Virtues: 2 Filters, 3 Pillars, & Many Authors

In the general population, why are virtues felt to be synonymous with tiresome, tense, dour, “unfun,” and (f)rigid? Only “very weakly” associated with “advantage?”

A little while back, I mentioned the word virtues in a wildhunt blog haloscan comment. Linked the word to one of my pages. Not one curious individual wandered over and at least took a look. I quizzed others, asking for their frank emotional reaction to just the word. Why does the word “virtues” operate like a turn-off button even in religious communities that contain the “undogmatic,” unless it comes from a religious leader/author as part of a religious package (examples: “NNV” or “12 Virtues of the Druids“) or is presented it within a revolutionary/trendy (for now) image? Such presentations are fantastic but it seems so easy for people to forget that virtues aren’t proprietary!

I strongly associate virtues with joy, curiosity, imagination, intellectual plasticity, advantage, excellence, and L.U.C.K. (laboring under correct knowledge). “Why not excellence? ” is an ADF Druid (I’m eclectic) motto I like because of such associations.

Cognition | Imagination | Virtues

So…if imagination is the virtue that bridges cognition and other virtues (scroll down to the bottom of wikipedia’s page on imagination to see this bridge), I’d like to imagine (instead of apathy repetitively answered with proprietary clarity) recognizing virtues as common ground even though people across the globe teach, define, stress, and associate them a bit differently.

Every man and woman is a star in a lot of ways but also in that we all author virtues through our daily actions — they’re demonstrative living things rather than merely doled out to us in prepackaged lists, as much as I like to explore such lists eclectically.
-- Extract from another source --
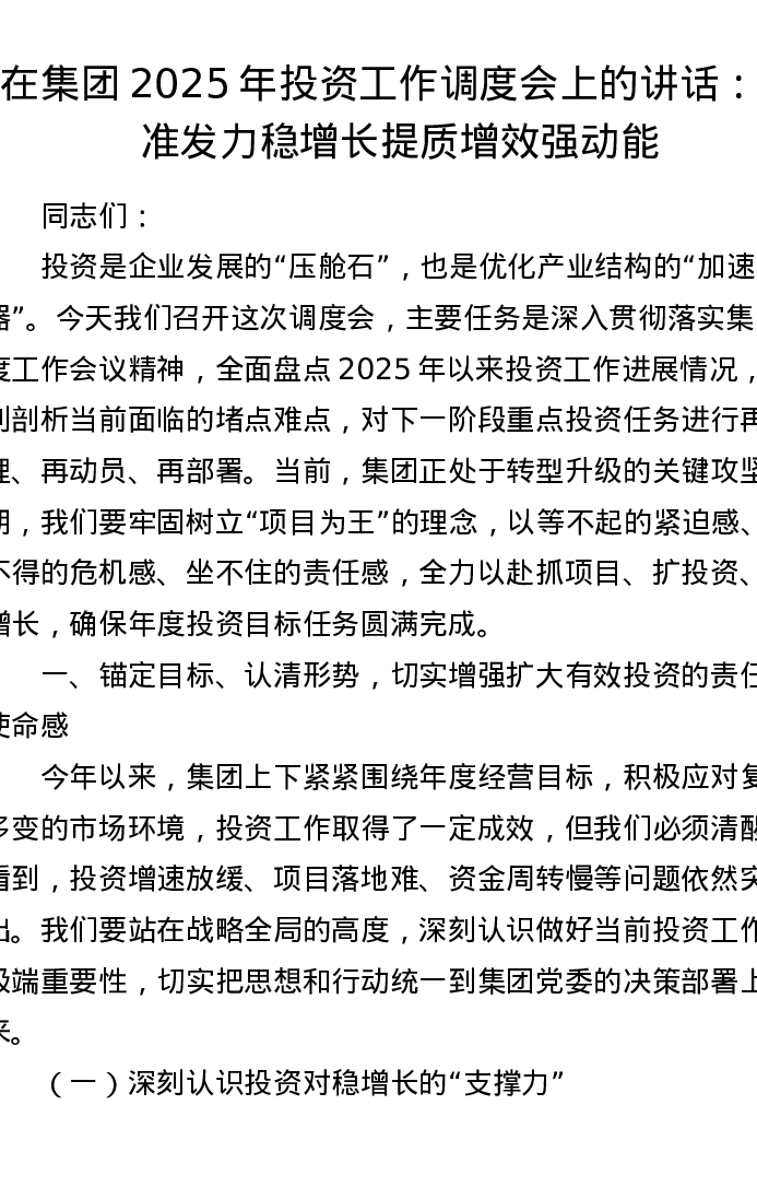 在集团2025年投资工作调度会上的讲话:精准发力稳增长 提质增效强动能
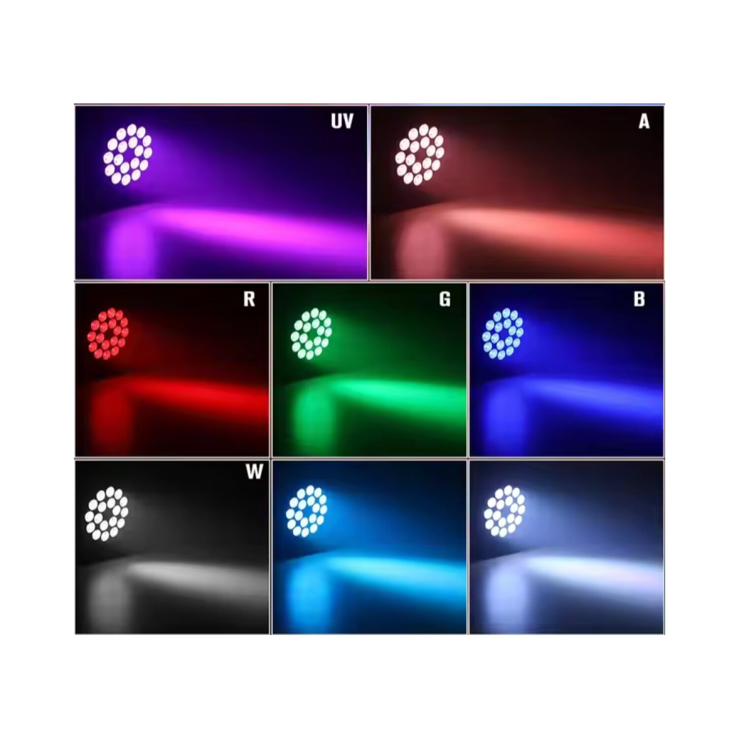 18 LEDs 6-en-1 de 18W (RGBA + Ámbar + UV)

Two filters. First filter; to reference one of Jaron Lanier‘s pet topics/filters, one could look at ‘virtues as doled out to us in proprietary lists from leaders/authors’ vs. ‘virtues as demonstrably authored by each’ in a top-down/bottom-up conundrum sort of way. Second filter; you could also look at this through the pluralism vs. dualism filter — virtues get murky and trampled if we give in to pack behavior and follow certain leaders/lists like dogs — we need to demonstrably author virtues while standing on the shoulders of greats and geniuses, if we’re to have the best virtue-al cogency. Any way you look at it, a reasonable conclusion is that “successes usually come from a mixing of top-down and bottom-up approaches,” so, as for lists, I’m not happy with just one list from one religion. I’ve had to look at many of them and I happen to think that joy and lust (not limited to sexual lust!) are also virtues, if done well, as are other emotions, including anger.

Three pillars. Reason, experience, and intuition.

Virtues. “They must withstand analytical scrutiny, comport to our every-day experience, and ring true in our hearts.” — Fiacharrey

Living virtues…parents, teachers, artists and practitioners of magic invoke and evoke an array of virtues all the time, they just might not call them that.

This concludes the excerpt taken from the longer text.